**Recorded data:**
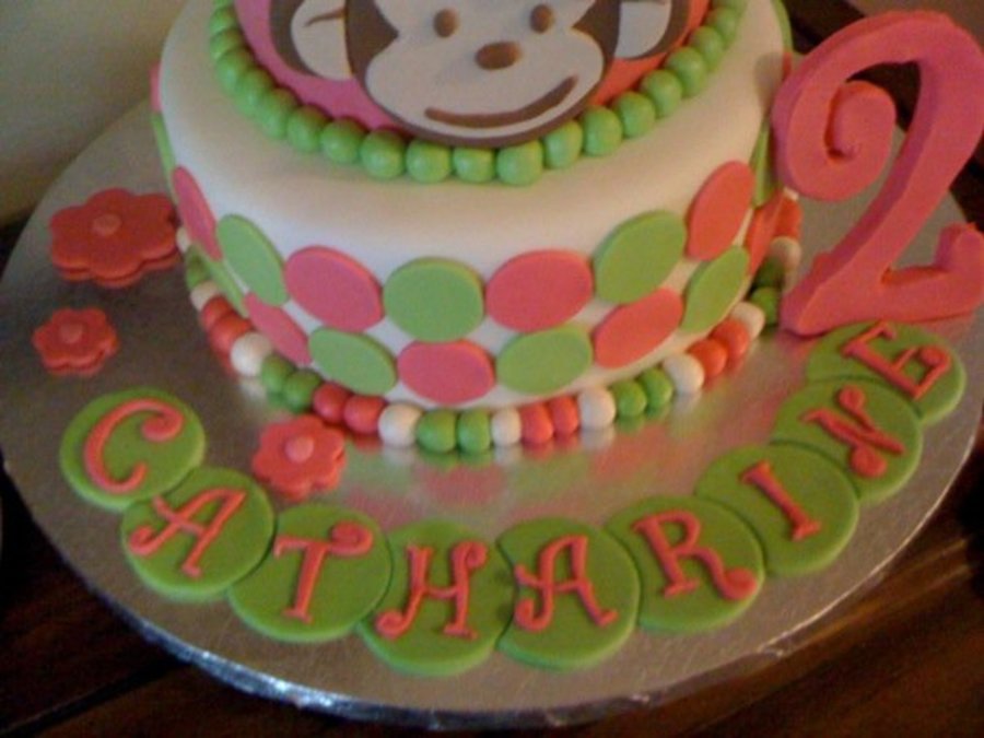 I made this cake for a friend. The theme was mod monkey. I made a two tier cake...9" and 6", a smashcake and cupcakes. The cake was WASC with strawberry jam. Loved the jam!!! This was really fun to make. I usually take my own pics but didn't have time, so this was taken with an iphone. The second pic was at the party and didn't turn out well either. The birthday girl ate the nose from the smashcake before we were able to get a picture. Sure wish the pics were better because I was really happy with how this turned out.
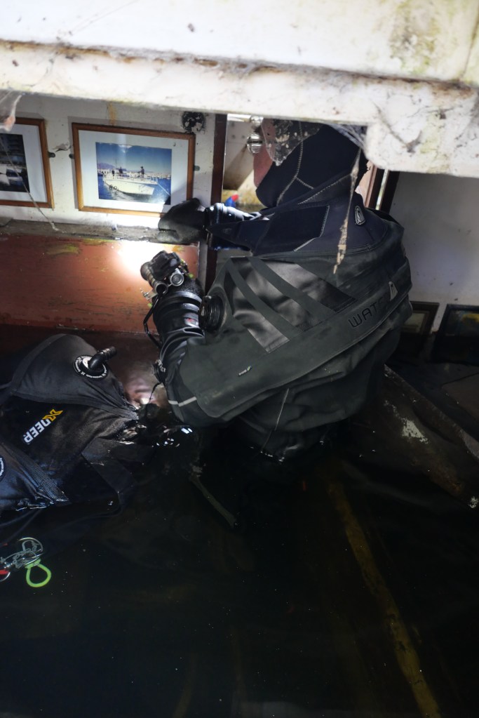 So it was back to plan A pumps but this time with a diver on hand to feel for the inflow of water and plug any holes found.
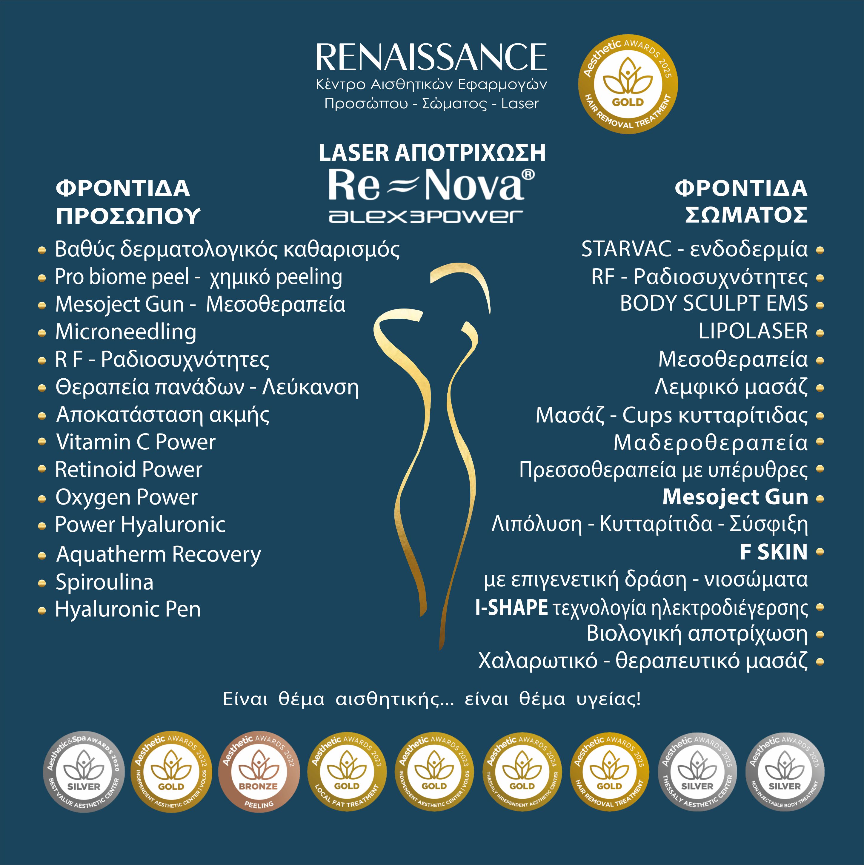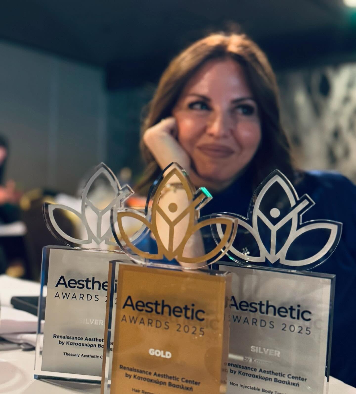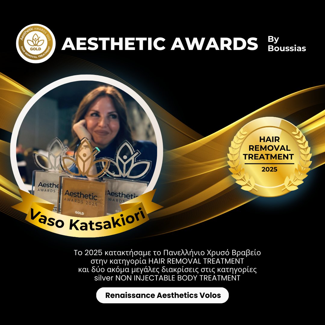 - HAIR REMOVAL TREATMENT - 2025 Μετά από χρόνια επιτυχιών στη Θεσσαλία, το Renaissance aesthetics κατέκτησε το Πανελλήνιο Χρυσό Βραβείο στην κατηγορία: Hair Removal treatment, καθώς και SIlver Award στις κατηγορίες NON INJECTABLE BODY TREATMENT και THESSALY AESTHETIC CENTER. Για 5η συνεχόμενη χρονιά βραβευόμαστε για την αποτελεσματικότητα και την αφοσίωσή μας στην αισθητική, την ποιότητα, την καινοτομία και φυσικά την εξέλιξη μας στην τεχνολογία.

**Task statement:**
Nothing but an exact copy of the data above, minus its pictures, should appear in the response.

**Exercise output:**
 I made this cake for a friend. The theme was mod monkey. I made a two tier cake...9" and 6", a smashcake and cupcakes. The cake was WASC with strawberry jam. Loved the jam!!! This was really fun to make. I usually take my own pics but didn't have time, so this was taken with an iphone. The second pic was at the party and didn't turn out well either. The birthday girl ate the nose from the smashcake before we were able to get a picture. Sure wish the pics were better because I was really happy with how this turned out.
 So it was back to plan A pumps but this time with a diver on hand to feel for the inflow of water and plug any holes found.
 - HAIR REMOVAL TREATMENT - 2025 Μετά από χρόνια επιτυχιών στη Θεσσαλία, το Renaissance aesthetics κατέκτησε το Πανελλήνιο Χρυσό Βραβείο στην κατηγορία: Hair Removal treatment, καθώς και SIlver Award στις κατηγορίες NON INJECTABLE BODY TREATMENT και THESSALY AESTHETIC CENTER. Για 5η συνεχόμενη χρονιά βραβευόμαστε για την αποτελεσματικότητα και την αφοσίωσή μας στην αισθητική, την ποιότητα, την καινοτομία και φυσικά την εξέλιξη μας στην τεχνολογία.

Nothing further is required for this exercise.